Sua família é uma publicidade ambulante que anuncia como os EUA se enriqueceram com a imigração.
E enquanto governadora, o ato político mais conhecido — e mais corajoso — de Haley ocorreu após um supremacista branco assassinar nove paroquianos negros durante uma sessão de orações, em junho de 2015, dentro da Igreja Episcopal Metodista Africana Emanuel, em Charleston, Carolina do Sul. Depois de constatado que o atirador havia postado várias fotos com símbolos confederados e estava ligado a um manifesto racista, Haley conclamou uma legislação que ocasionou a remoção da bandeira confederada que tremulou sobre o Capitólio Estadual desde 1962.
“Não permitiremos que esse símbolo continue a nos dividir”, declarou Haley.
Bom para ela. Agora acelere a fita para Haley anunciando sua pré-candidatura à presidência. Imagine todas as maneiras pelas quais ela poderia ter se diferenciado de Trump e Ron DeSantis.
Ela poderia ter dito: “Amigos, nos últimos dois anos, o Congresso aprovou projetos de lei para melhorar nossa infraestrutura e nossa capacidade de fabricar microchips e sistemas de energia limpa avançados. Os dois primeiros foram aprovados por maiorias bipartidárias. Essas legislações constituem uma plataforma de lançamento capaz de possibilitar aos EUA dominar o século 21. E eu sei como obter a maioria dessas plataformas de lançamento.
“Quando fui governadora, Greenville, Carolina do Sul, se tornou um dos polos mais importantes de inovação em energia eólica.
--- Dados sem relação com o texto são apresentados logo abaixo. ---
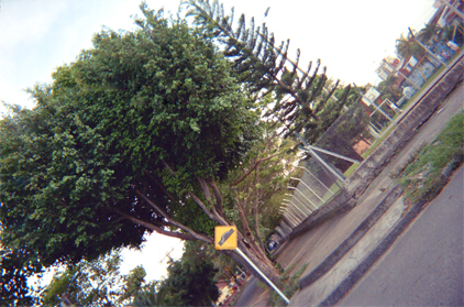 Imagen tomada desde una esquina en el barrio Departamental en la cual se observa zona deportiva con enmallado. Predominio de vegetación en el lado izquierdo. Exterior día. Plano general. Toma diagonal.

Conforme escreveu o Upstate Business Journal, da Carolina do Sul, ‘De acordo com um novo estudo da Brookings Institution, um centro de pesquisa de Washington, DC, os inventores em Greenville foram responsáveis por 172 patentes no setor eólico ao longo dos últimos cinco anos, mais do que qualquer outra região metropolitana no país’. É isso aí! Porque tornamos Greenville lar da equipe de engenharia energética da General Electric Power & Water.”
Haley poderia ter acrescentado, “Eu também tenho bastante conhecimento sobre construção de infraestrutura para fábricas de alta tecnologia, porque quando fui governadora ajudei a tornar a Carolina do Sul um dos polos mais ativos do país em manufatura avançada — de aeronaves avançadas a carros e pneus”.
Haley poderia então explicar que todos esses empresários nos dizem atualmente que, para cumprir seu potencial pleno, eles precisam de trabalhadores letrados em ciência, tecnologia, engenharia e matemática (stem). Mas não conseguem encontrá-los. De acordo com o Escritório de Estatísticas Laborais, até 2025 os EUA poderiam precisar de um milhão a mais de engenheiros e outros profissionais stem dos que somos capazes de produzir domesticamente segundo a nossa taxa atual. Ela poderia ter dito que a única maneira de suprir esse lapso é dando boas-vindas aos imigrantes mais bem qualificados e energizados do mundo.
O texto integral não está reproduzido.